Ik laat mezelf op een stoel zakken. Dit is de derde missie waar ik bij betrokken ben en het begint te wennen om dit soort werk te doen. Maar wat misschien nooit zal wennen, is dat rare gevoel dat ik altijd krijg als er weer een zaak is opgelost. Ik zou blijdschap moeten voelen, euforie, maar dat doe ik niet. Eerlijk gezegd word ik een beetje moedeloos van de hoeveelheid criminelen die er op deze aardbol rondlopen. Sinds ik hier werk, weet ik zeker dat er nooit zoiets als wereldvrede zal komen. Daarvoor zijn er te veel slechte mensen.

"Kijk eens wat vrolijker," merkt Farid op. "Wacht, ik weet al iets. Ik ga cupcakes voor je halen. Daar vrolijk je vast van op."

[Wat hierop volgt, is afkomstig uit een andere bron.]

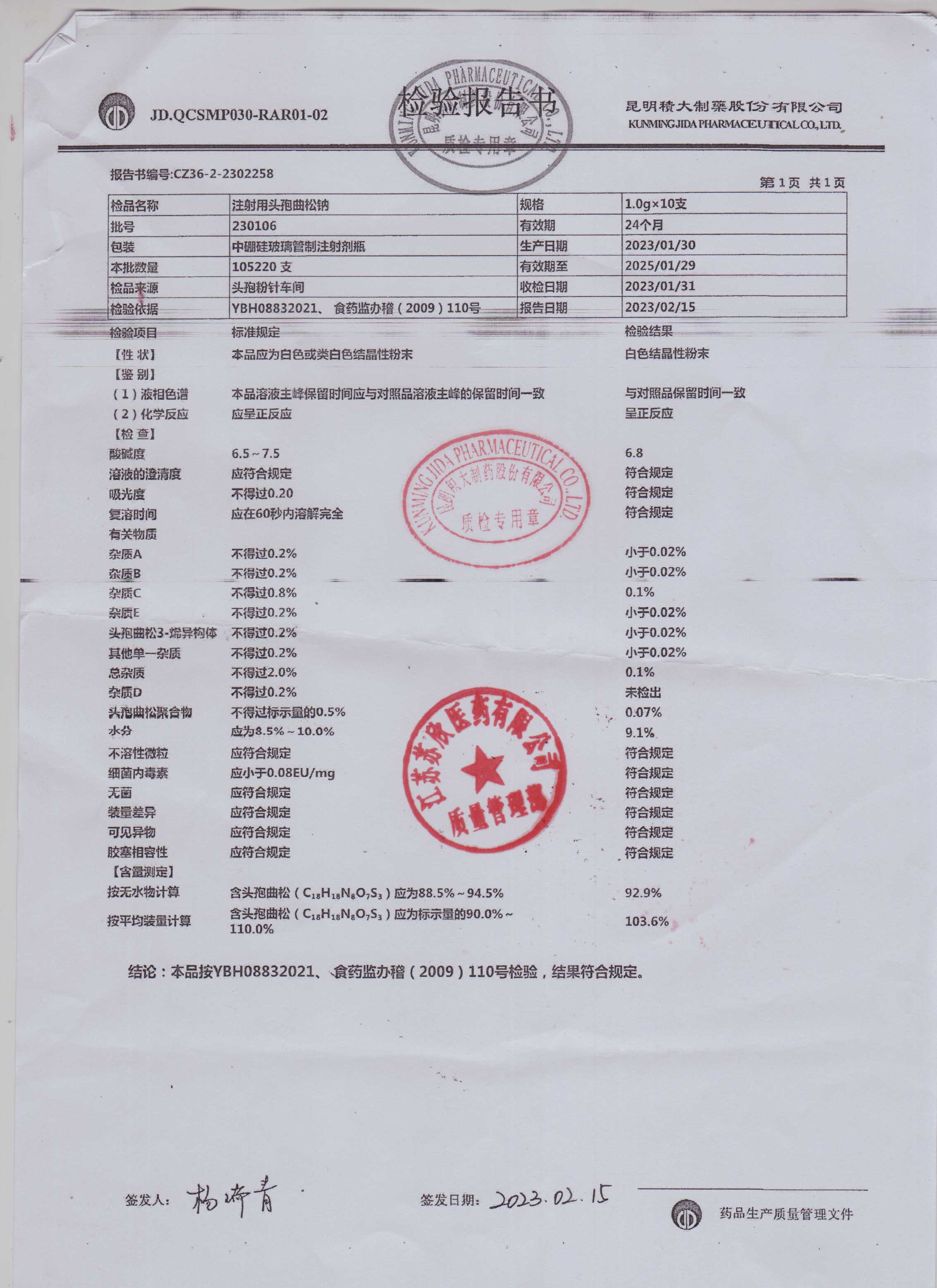 注射用头孢曲松钠230106
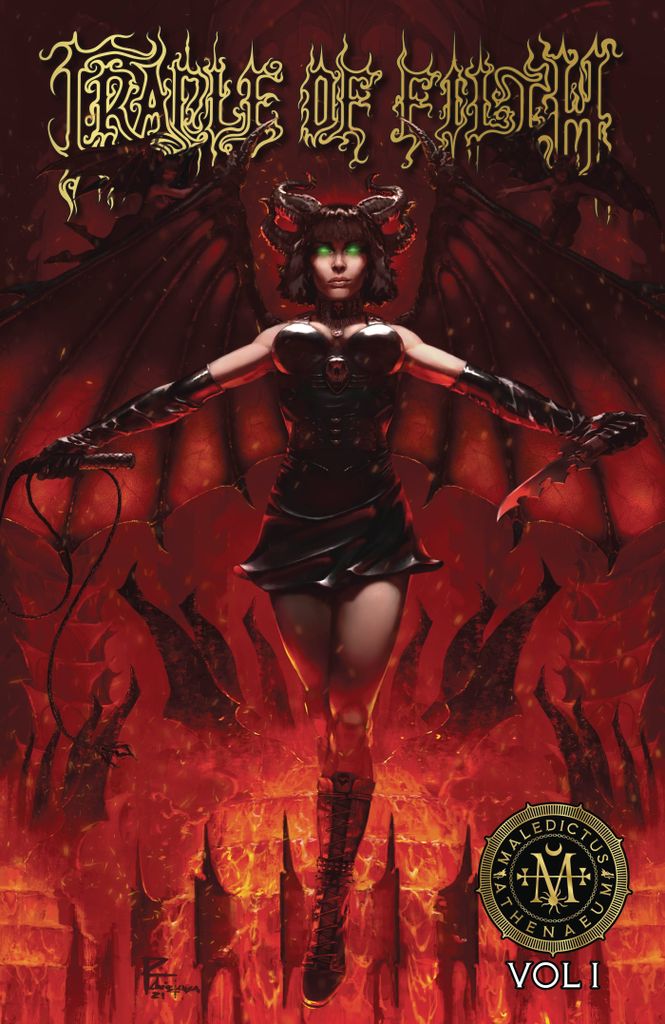 In the ruined halls of the Maledictus Athenaeum lie occult histories, sealed records, and cursed artifacts - this unholy archive explores the far corners of Cradle of Filth's musical legacy. Inspired by their albums and songs such as 'Bathory Aria,' 'Cruelty and the Beast,' 'King in the Woods,' and 'Darkly, Darkly, Venus Aversa,' this captivating journey delves into a vast universe of ageless vampires, mythical creatures, vengeful gods, and the enigmatic figure of Lilith. Within these hidden vaults, stories and poems come to life, penned by an all-star roster of comics talent and accompanied by lavish paintings. Step inside the walls of Cachtice Castle, where the Countess Elizabeth Bathory sheds virgin blood, and journey under the mesmerizing moon in the hymn to its beauty personified by the celestial huntress Diana. Amidst the echoes of anguish and ecstasy, discover tragic romances and delve deep into the darkly poetic and haunting world of Cradle of Filth's musical legacy.
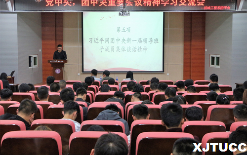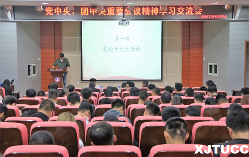 为了使团学干部干事进一步了解党中央、团中央新精神,推动新时代青年和团学工作实现新发展,西安交通大学城市学院机械工程系于10月8日晚在F100教室展开党中央、团中央重要会议精神学习交流会,团学工作负责人韩潇潇老师特邀参会,团学会干部以及全体2018级新干事参加了这次会议。
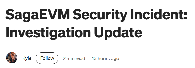 - Saga 发布 SagaEVM 安全事件调查进展更新
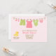 Este Chá de fraldas bonito apresenta um pato de borracha fofo e roupas cor-de-rosa e verde para bebês, meias e bib em uma linha de roupas de lavanderia. Este chá moderno e elegante é perfeito para qualquer mãe ser.
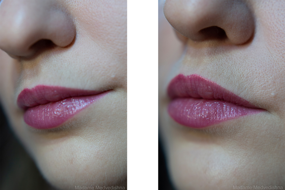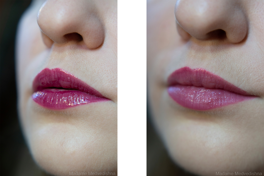 После нанесения тинта на губы я жду минут 5-10 и промакиваю губы салфеткой. После промакивания цвет получается равномерный, смотрится натурально и аккуратно, удачно подчёркивает форму губ.
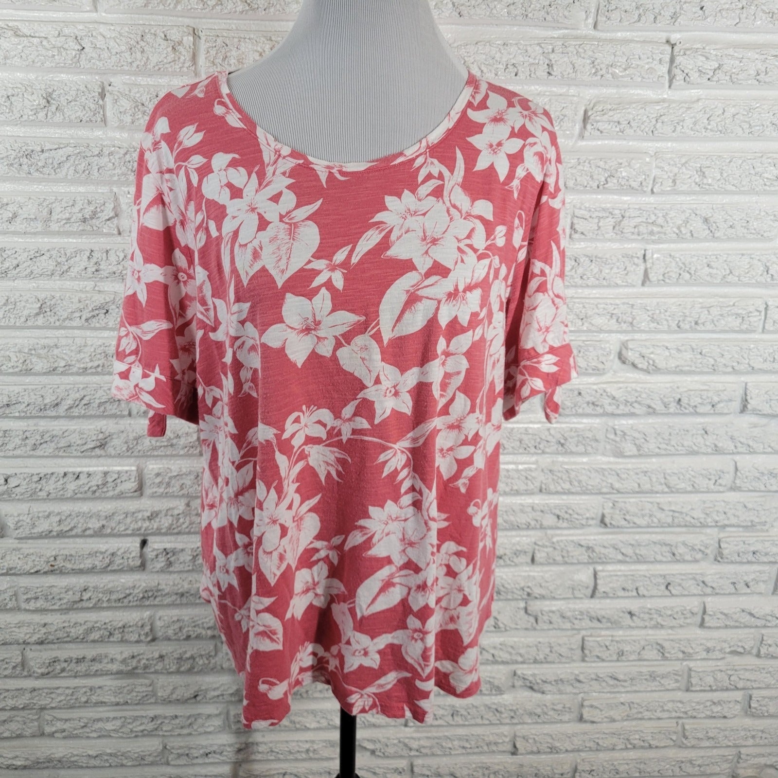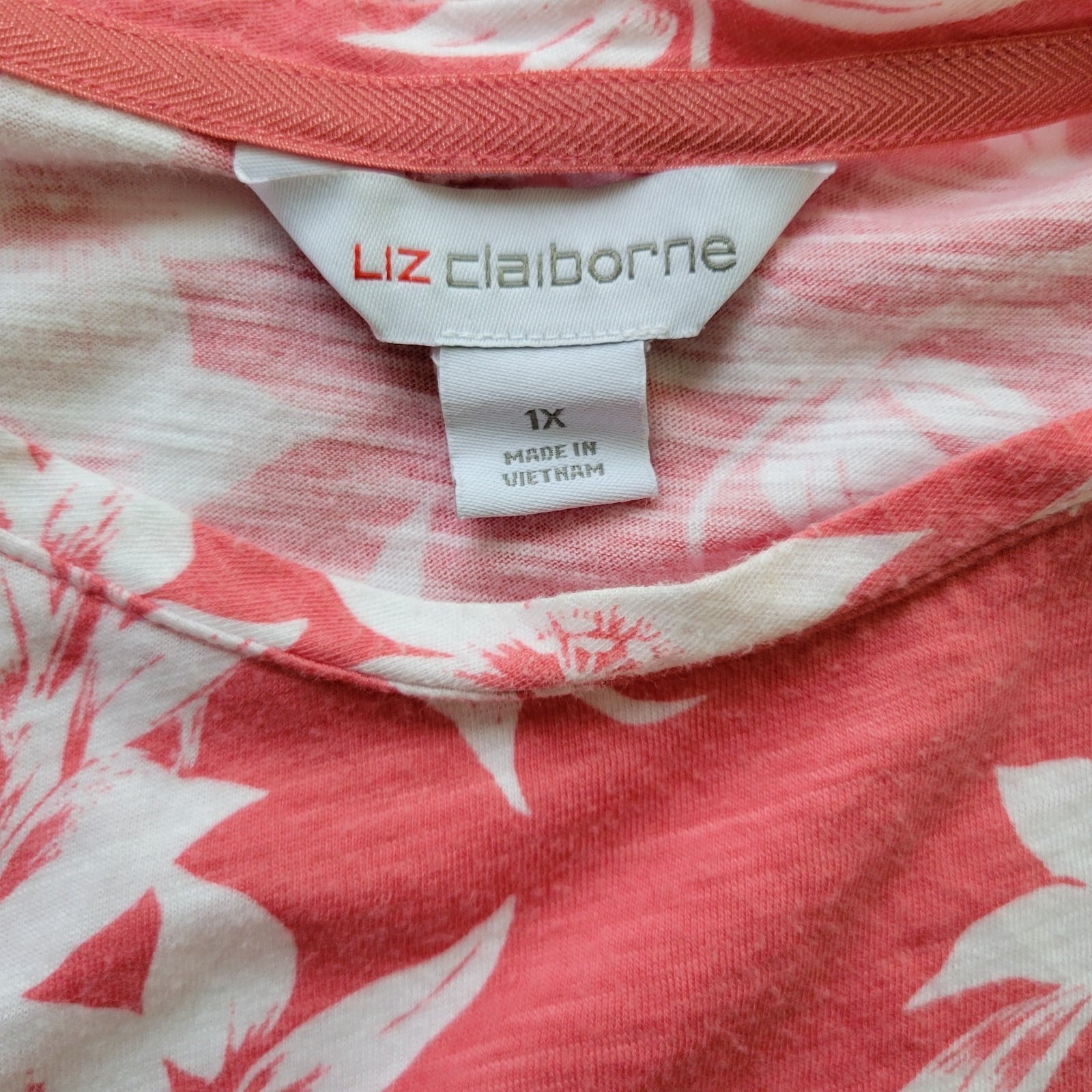 This Liz Claiborne Women's Top in size 1X Plus is a stylish and comfortable tee with short tied sleeves, perfect for a casual or travel occasion. The pink/white floral pattern adds a touch of femininity, while the lightweight cotton blend jersey fabric ensures a stretchy and breathable fit. The pullover closure and round neckline make it easy to wear, and the casual sleeve style and basic design make it a versatile piece for all seasons. This top is machine washable and suitable for various seasons like winter, summer, fall, and spring.
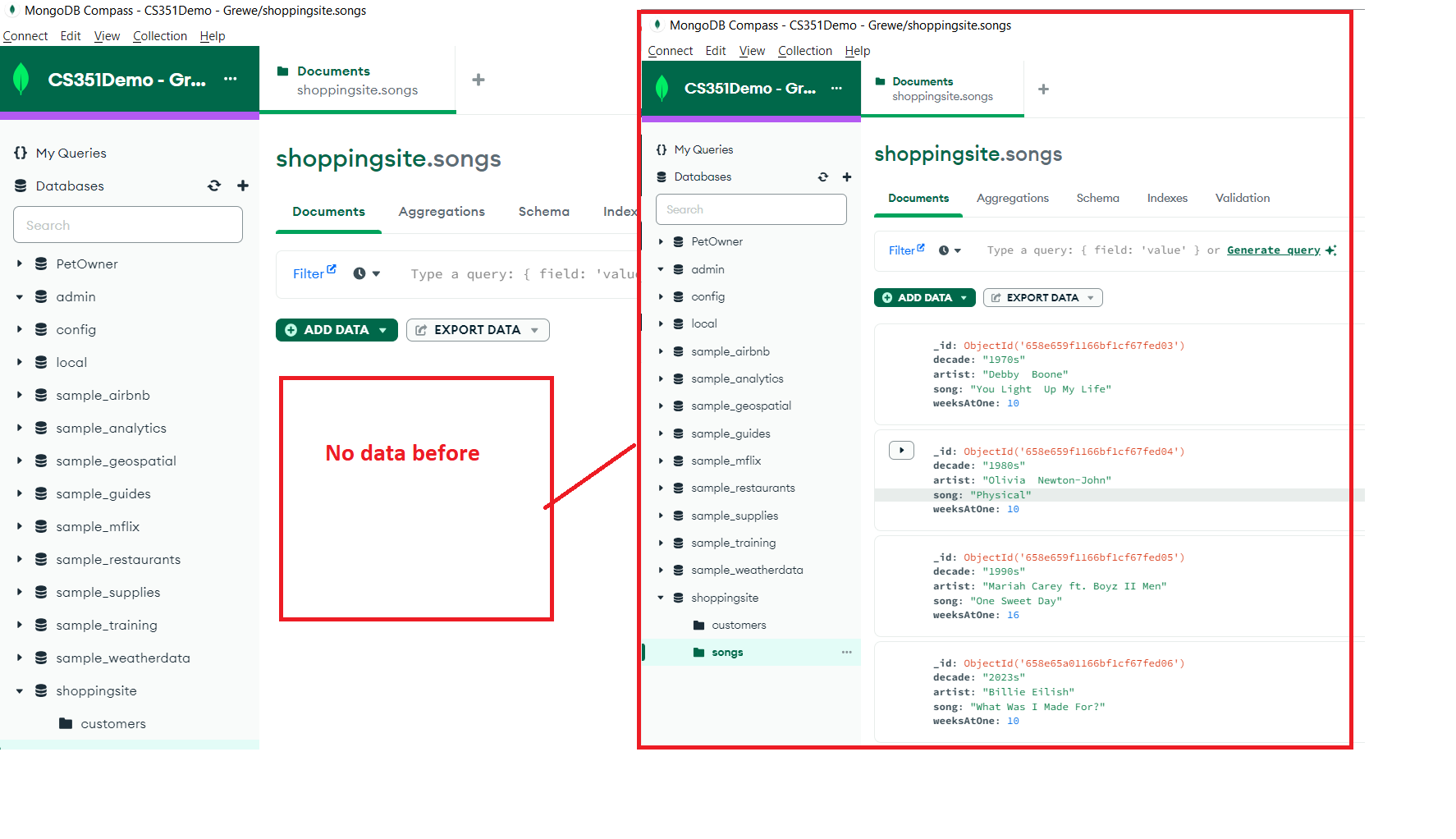 STEP 1.1: I have a database called shoppingsite with a collection call customers that I am going to access. Currently I have only 2 documents in it
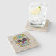 Colourful Floral Sugar Skull Purple Hearts Stone Coaster
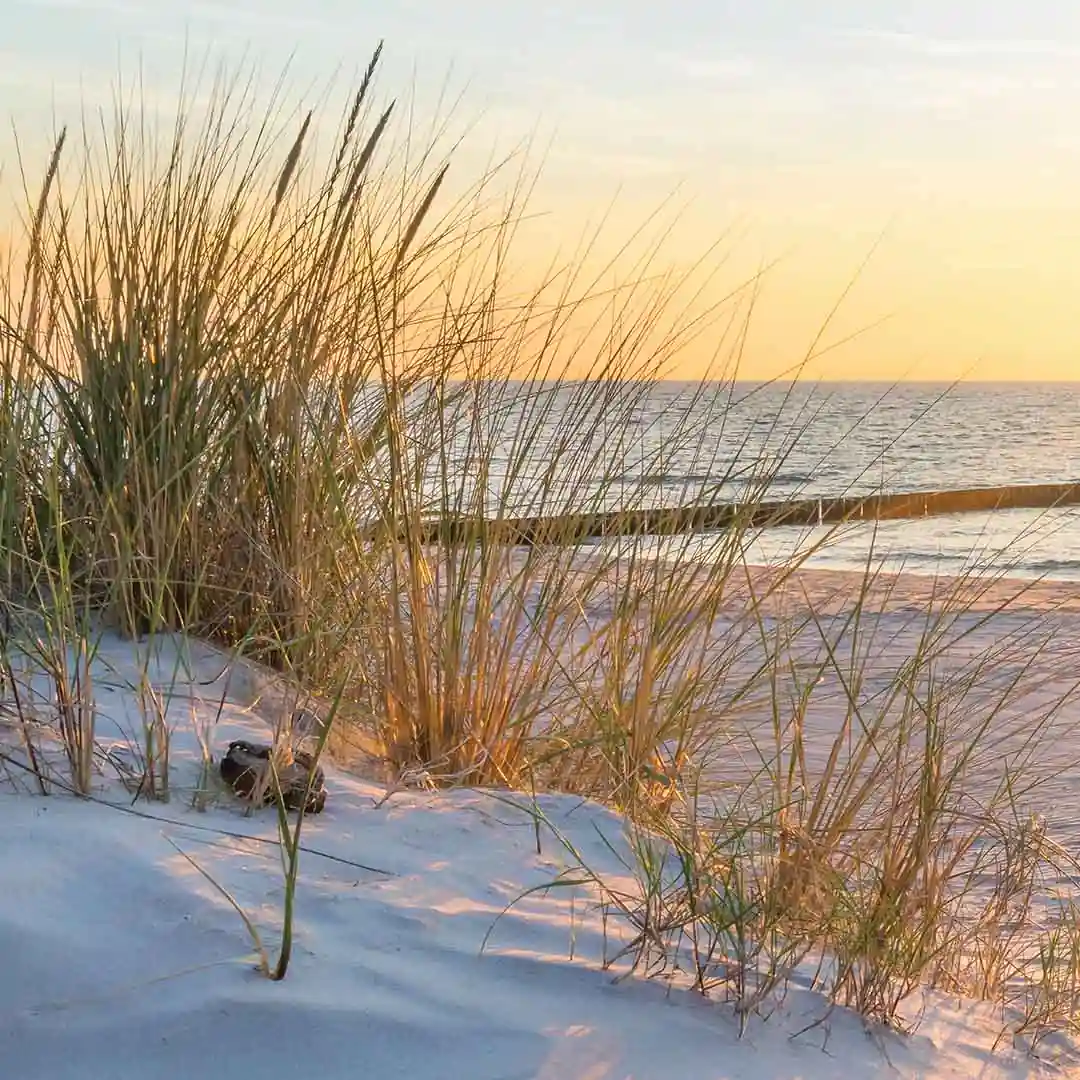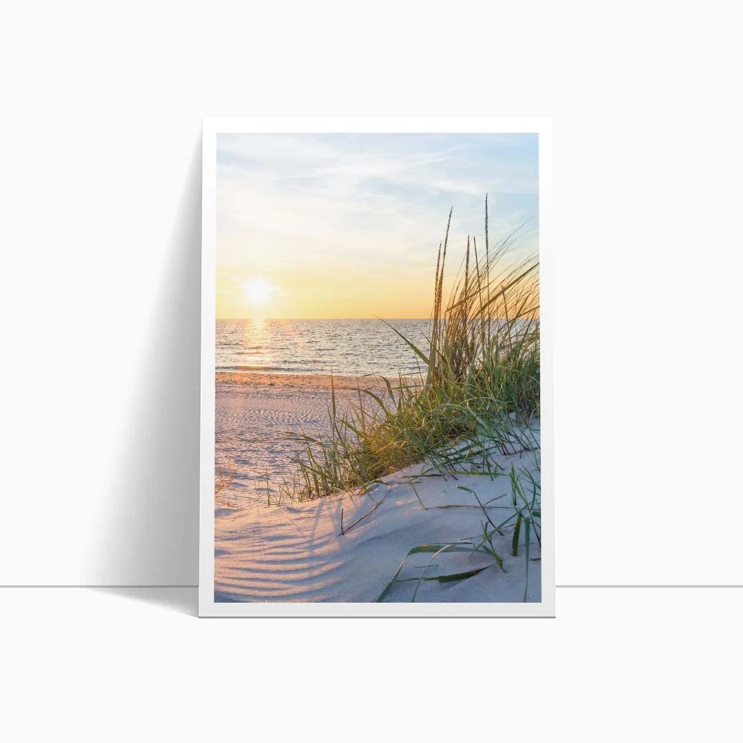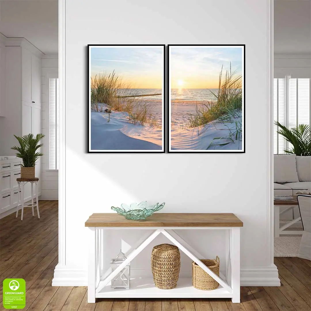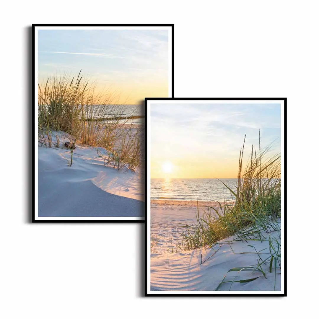 Zestaw plakatów - Zachód słońca nad morzem - pejzaż z wydmami i trawami w stylu skandynawskim i boho do salonu, sypialni lub łazienki
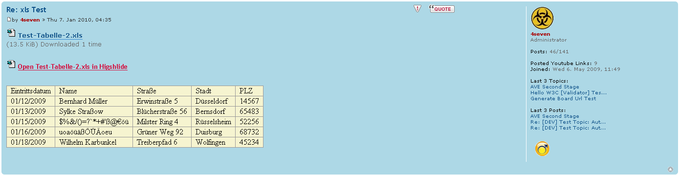 - XLS (MS Excel) Attachments werden im Post dargestelllt

Het werkt ook nog. De gedachte aan cupcakes doet inderdaad een flauwe glimlach op mijn gezicht verschijnen. "Vooruit dan."

Voor ik met mijn ogen heb kunnen knipperen, is Farid de vergaderruimte al uit. Nu ben ik alleen met de twee onbekende kerels. Omdat ik niet zo goed weet wat ik tegen hen zou moeten zeggen, pak ik mijn telefoon er maar bij. Ik maak verbinding met de wifi hier en check mijn Facebook. Net als ik bij een foto van tante Alanis beland waarop ze samen met mijn ouders en oom op een terras zit, krijg ik een sms'je van Connor binnen.

Toby huilt en het lijkt niet op te houden. Help, wat moet ik doen?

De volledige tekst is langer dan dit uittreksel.